(WHAT IS REQUIRED)
Below are the records; give again exactly the line with "Under the Prohibition", the line with "Join us on Thursdays, Fridays, and", and each line that lies between them, and nothing besides.

Top of MATERIAL SUPPLIED

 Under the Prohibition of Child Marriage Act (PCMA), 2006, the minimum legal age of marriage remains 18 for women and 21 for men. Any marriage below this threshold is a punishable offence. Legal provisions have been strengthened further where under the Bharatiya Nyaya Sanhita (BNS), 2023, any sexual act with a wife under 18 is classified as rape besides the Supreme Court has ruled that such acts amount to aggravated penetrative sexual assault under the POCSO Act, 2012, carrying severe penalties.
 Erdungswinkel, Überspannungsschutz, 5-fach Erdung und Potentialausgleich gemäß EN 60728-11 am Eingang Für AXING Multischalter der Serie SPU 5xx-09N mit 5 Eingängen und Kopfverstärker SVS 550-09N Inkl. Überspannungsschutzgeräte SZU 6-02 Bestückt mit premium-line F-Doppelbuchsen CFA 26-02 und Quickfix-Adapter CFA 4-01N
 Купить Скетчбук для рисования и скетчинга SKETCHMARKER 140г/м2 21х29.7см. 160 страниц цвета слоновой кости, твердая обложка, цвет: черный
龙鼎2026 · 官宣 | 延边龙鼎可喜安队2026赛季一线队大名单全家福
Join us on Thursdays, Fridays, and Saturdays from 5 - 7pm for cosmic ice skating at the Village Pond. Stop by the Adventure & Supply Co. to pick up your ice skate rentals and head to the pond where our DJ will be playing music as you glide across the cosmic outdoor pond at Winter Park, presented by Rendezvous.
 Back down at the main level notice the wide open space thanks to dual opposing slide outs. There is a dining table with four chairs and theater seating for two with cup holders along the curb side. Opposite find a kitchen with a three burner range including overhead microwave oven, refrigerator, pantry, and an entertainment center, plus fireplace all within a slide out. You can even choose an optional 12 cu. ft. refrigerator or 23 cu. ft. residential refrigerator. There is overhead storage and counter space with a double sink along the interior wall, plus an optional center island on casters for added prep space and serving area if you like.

Bottom of MATERIAL SUPPLIED
Top of MATERIAL SUPPLIED

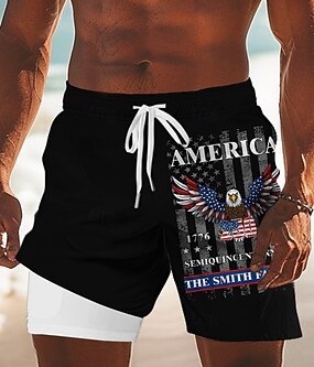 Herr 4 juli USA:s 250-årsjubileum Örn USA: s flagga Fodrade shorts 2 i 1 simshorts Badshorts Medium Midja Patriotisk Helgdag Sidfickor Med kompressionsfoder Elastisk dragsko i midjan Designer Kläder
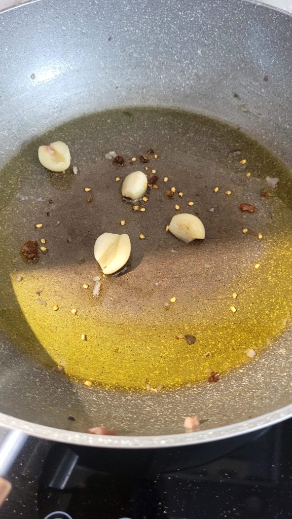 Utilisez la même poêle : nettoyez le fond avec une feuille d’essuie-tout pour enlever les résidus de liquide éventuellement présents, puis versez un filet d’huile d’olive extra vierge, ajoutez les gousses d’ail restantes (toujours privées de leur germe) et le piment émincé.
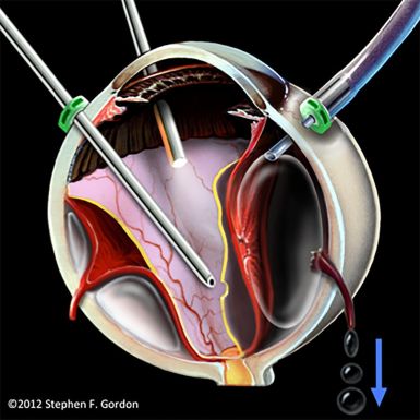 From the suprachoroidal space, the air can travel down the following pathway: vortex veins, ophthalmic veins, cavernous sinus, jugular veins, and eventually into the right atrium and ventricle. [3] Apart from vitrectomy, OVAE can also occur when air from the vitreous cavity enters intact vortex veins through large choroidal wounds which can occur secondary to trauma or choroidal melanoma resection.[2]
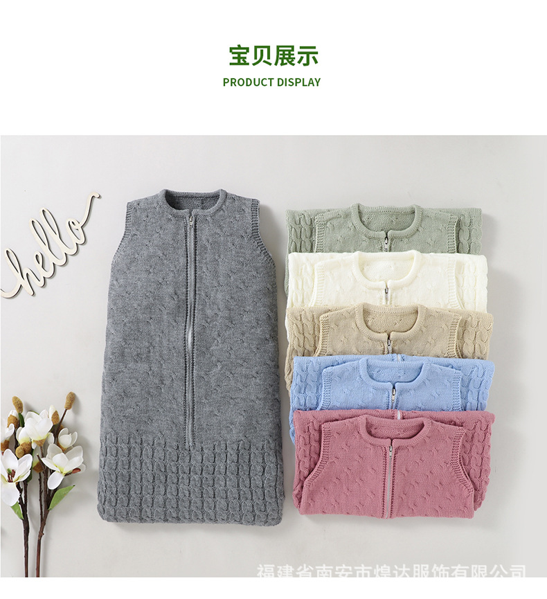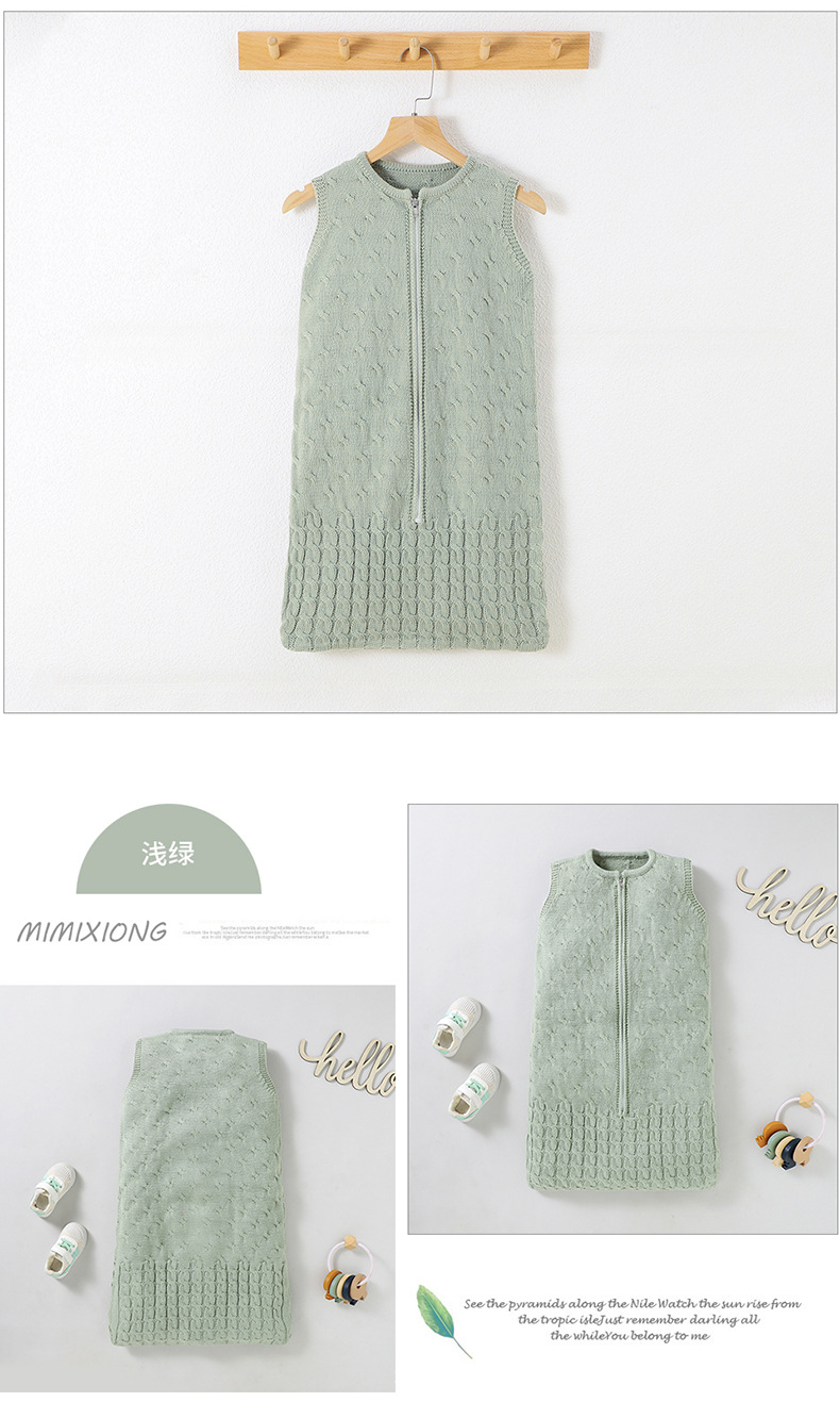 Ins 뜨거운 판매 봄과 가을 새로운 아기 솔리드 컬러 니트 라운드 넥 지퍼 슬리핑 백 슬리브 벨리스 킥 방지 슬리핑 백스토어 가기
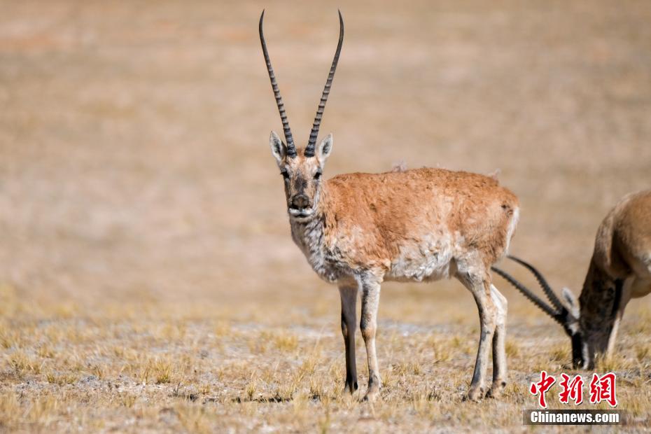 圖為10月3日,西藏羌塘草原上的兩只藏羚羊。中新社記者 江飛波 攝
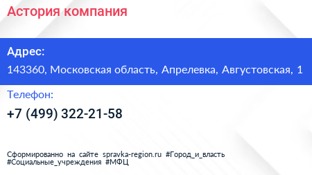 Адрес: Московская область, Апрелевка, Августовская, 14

Bottom of MATERIAL SUPPLIED
Top of MATERIAL SUPPLIED

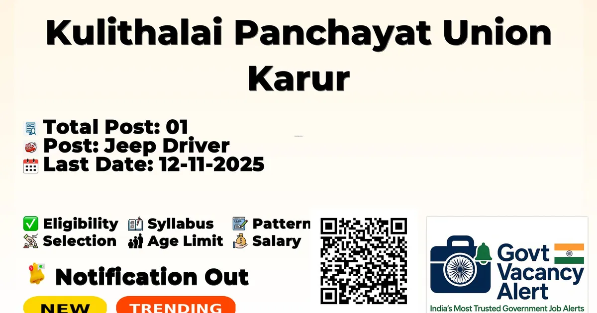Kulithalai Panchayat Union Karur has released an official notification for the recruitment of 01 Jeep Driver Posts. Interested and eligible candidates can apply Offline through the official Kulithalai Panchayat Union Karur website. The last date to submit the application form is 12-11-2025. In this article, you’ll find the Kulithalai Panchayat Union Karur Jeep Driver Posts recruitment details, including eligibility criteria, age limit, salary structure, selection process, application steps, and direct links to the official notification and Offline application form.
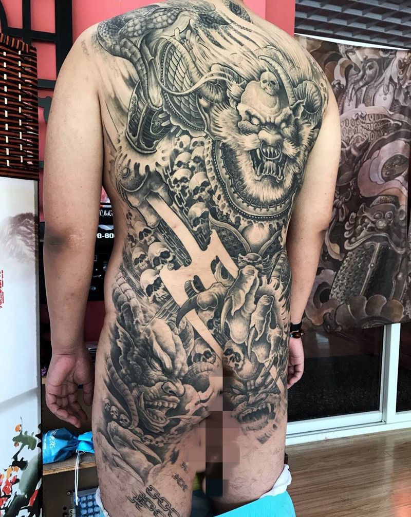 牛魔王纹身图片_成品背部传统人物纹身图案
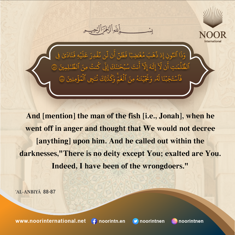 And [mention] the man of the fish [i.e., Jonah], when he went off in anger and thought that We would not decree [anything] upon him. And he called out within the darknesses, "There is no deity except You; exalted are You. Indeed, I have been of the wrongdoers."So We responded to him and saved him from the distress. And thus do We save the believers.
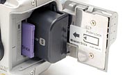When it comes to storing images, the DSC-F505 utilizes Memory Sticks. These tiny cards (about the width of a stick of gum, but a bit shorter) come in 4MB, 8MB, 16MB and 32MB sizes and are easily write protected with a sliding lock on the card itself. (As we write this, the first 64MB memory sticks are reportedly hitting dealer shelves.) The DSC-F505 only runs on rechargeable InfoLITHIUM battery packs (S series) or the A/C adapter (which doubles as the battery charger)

Bottom of MATERIAL SUPPLIED

(RESULT)
 Under the Prohibition of Child Marriage Act (PCMA), 2006, the minimum legal age of marriage remains 18 for women and 21 for men. Any marriage below this threshold is a punishable offence. Legal provisions have been strengthened further where under the Bharatiya Nyaya Sanhita (BNS), 2023, any sexual act with a wife under 18 is classified as rape besides the Supreme Court has ruled that such acts amount to aggravated penetrative sexual assault under the POCSO Act, 2012, carrying severe penalties.
 Erdungswinkel, Überspannungsschutz, 5-fach Erdung und Potentialausgleich gemäß EN 60728-11 am Eingang Für AXING Multischalter der Serie SPU 5xx-09N mit 5 Eingängen und Kopfverstärker SVS 550-09N Inkl. Überspannungsschutzgeräte SZU 6-02 Bestückt mit premium-line F-Doppelbuchsen CFA 26-02 und Quickfix-Adapter CFA 4-01N
 Купить Скетчбук для рисования и скетчинга SKETCHMARKER 140г/м2 21х29.7см. 160 страниц цвета слоновой кости, твердая обложка, цвет: черный
龙鼎2026 · 官宣 | 延边龙鼎可喜安队2026赛季一线队大名单全家福
Join us on Thursdays, Fridays, and Saturdays from 5 - 7pm for cosmic ice skating at the Village Pond. Stop by the Adventure & Supply Co. to pick up your ice skate rentals and head to the pond where our DJ will be playing music as you glide across the cosmic outdoor pond at Winter Park, presented by Rendezvous.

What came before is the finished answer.